Tumor necrosis factor-alpha-converting enzyme (ADAM17) mediates the cleavage and shedding of fractalkine (CX3CL1).
Garton KJ., Gough PJ., Blobel CP., Murphy G., Greaves DR., Dempsey PJ., Raines EW.
Fractalkine (CX3CL1) is an unusual member of the chemokine family that is synthesized with its chemokine domain at the end of a mucin-rich, transmembrane stalk. This membrane-bound localization allows fractalkine to function as an adhesion molecule for cells bearing its receptor, CX3CR1. In addition, fractalkine can be proteolytically released from the cell surface, generating a soluble molecule that functions as a chemoattractant similar to the other members of the chemokine family.
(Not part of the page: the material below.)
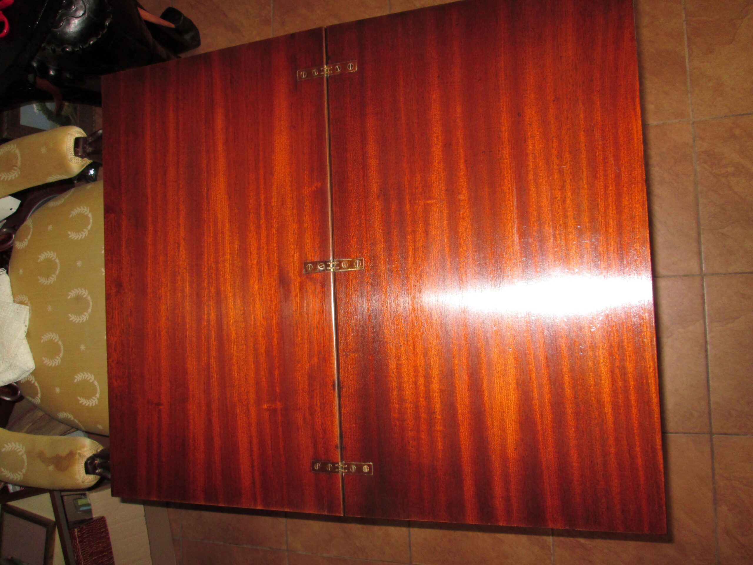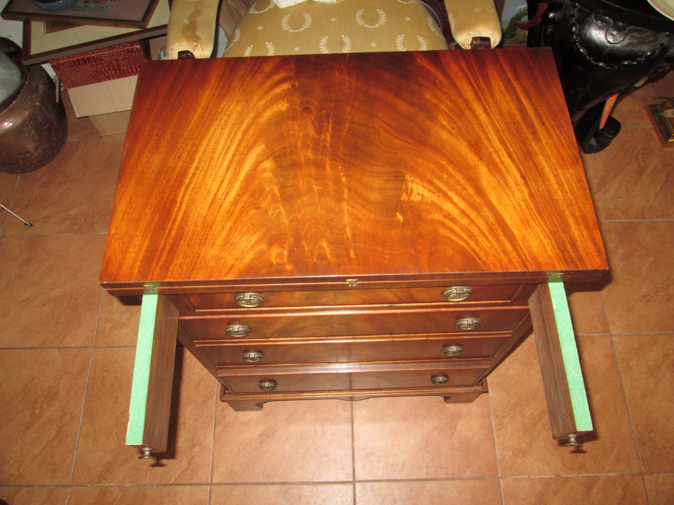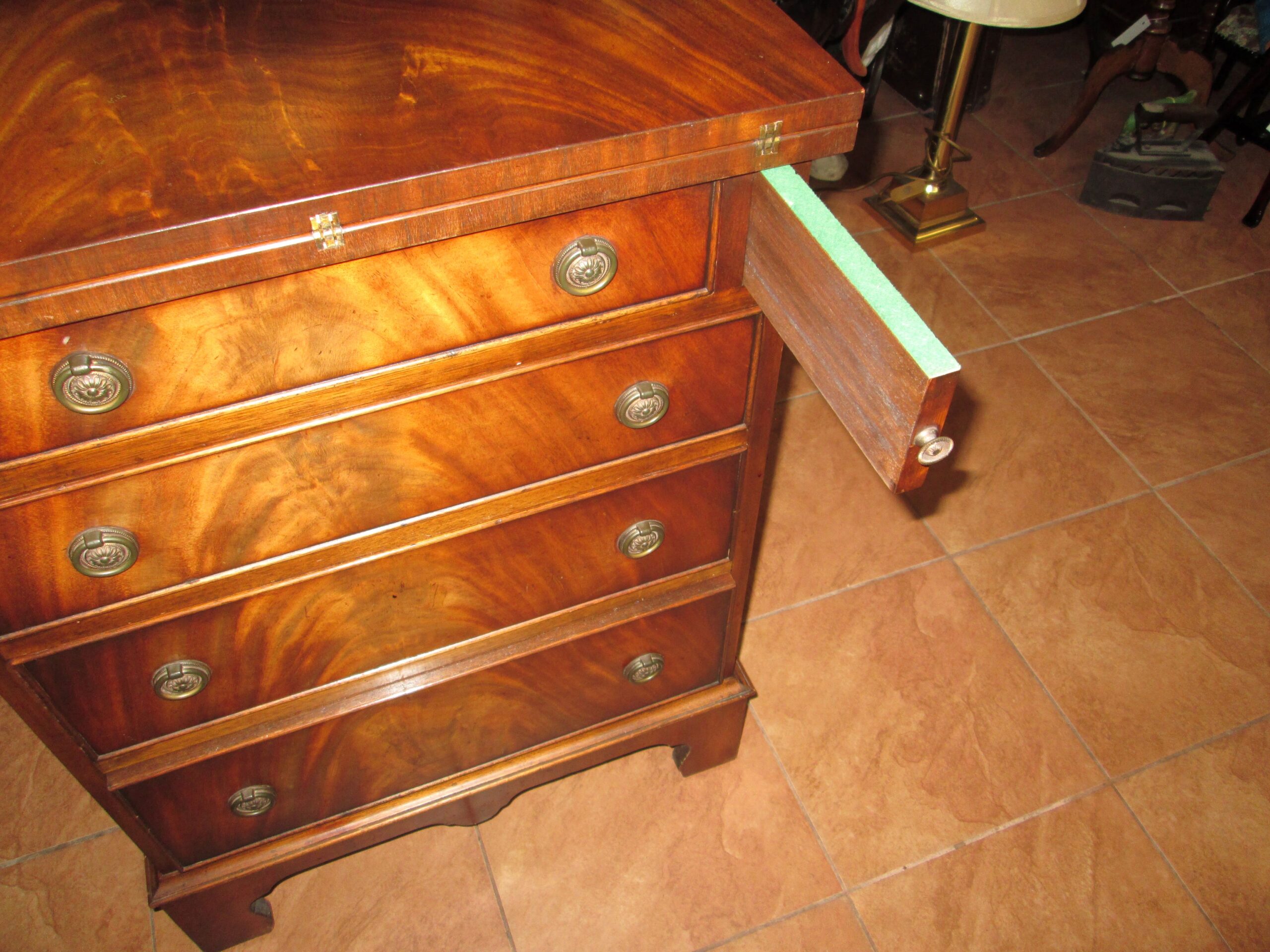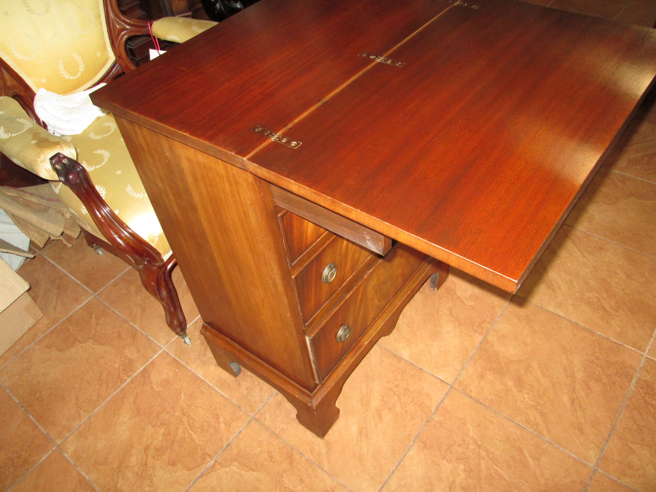 |Ładna komoda wyprodukowana w Anglii w latach 40-tych ubiegłego wieku. Blat składany na 2 części co umożliwia pracę na nim tak jak przy biurku. Wysokość 80 cm , szerokość 60 cm , głębokość 35 cm , po rozłożeniu 70 cm. Stan bardzo dobry minus. Ciekawy dwu funkcyjny mebel.
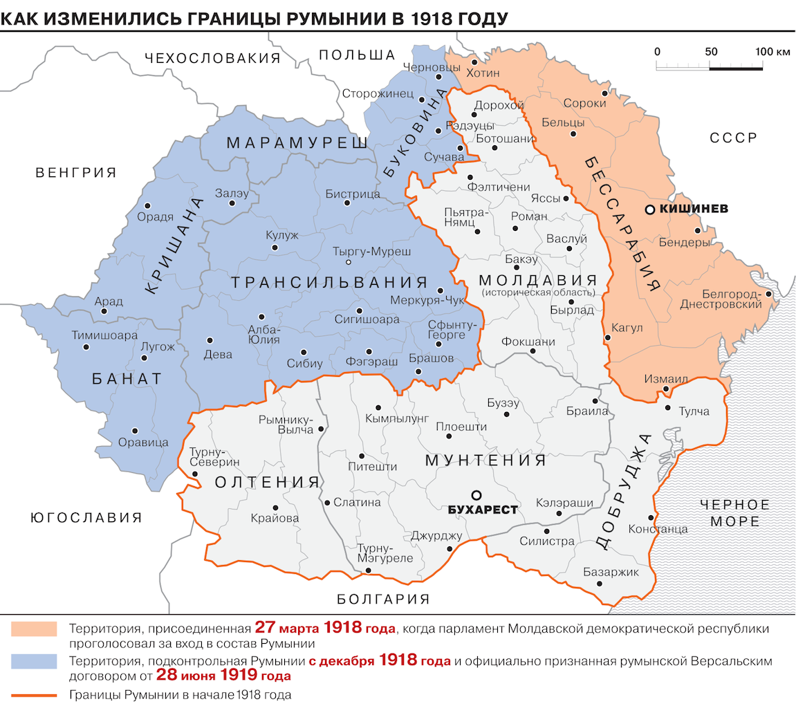 «Румынский проект выиграл. Совет края в марте проголосовал за объединение с Румынией. Представители румынского правительства прибыли в Кишинев и приняли от Совета края акт объединения. После Первой мировой войны объединение было подтверждено одновременно с вхождением в состав Румынии других провинций — Трансильвании и Буковины,— отмечает историк.— Тогда и появилась Великая Румыния. Другими словами, объединение было возможно благодаря совпадению двух элементов: желанию румын, выраженному, как в Бессарабии, через голосование Совета края, так и Бухарестом. И появлению благоприятной международной конъюнктуры, создавшейся из-за распада Российской Империи в результате большевистской революции».

In this study, we have examined the mechanisms that regulate the conversion between these two functionally distinct forms of fractalkine. We demonstrate that under normal conditions fractalkine is synthesized as an intracellular precursor that is rapidly transported to the cell surface where it becomes a target for metalloproteinase-dependent cleavage that causes the release of a fragment containing the majority of the fractalkine extracellular domain. We show that the cleavage of fractalkine can be markedly enhanced by stimulating cells with phorbol 12-myristate 13-acetate (PMA), and we identify tumor necrosis factor-alpha converting enzyme (TACE; ADAM17) as the protease responsible for this PMA-induced fractalkine release. In addition, we provide data showing that TACE-mediated fractalkine cleavage occurs at a site distinct from the dibasic juxtamembrane motif that had been suggested previously based on protein sequence homologies. The identification of TACE as a major protease responsible for the conversion of fractalkine from a membrane-bound adhesion molecule to a soluble chemoattractant will provide new information for understanding the physiological function of this chemokine.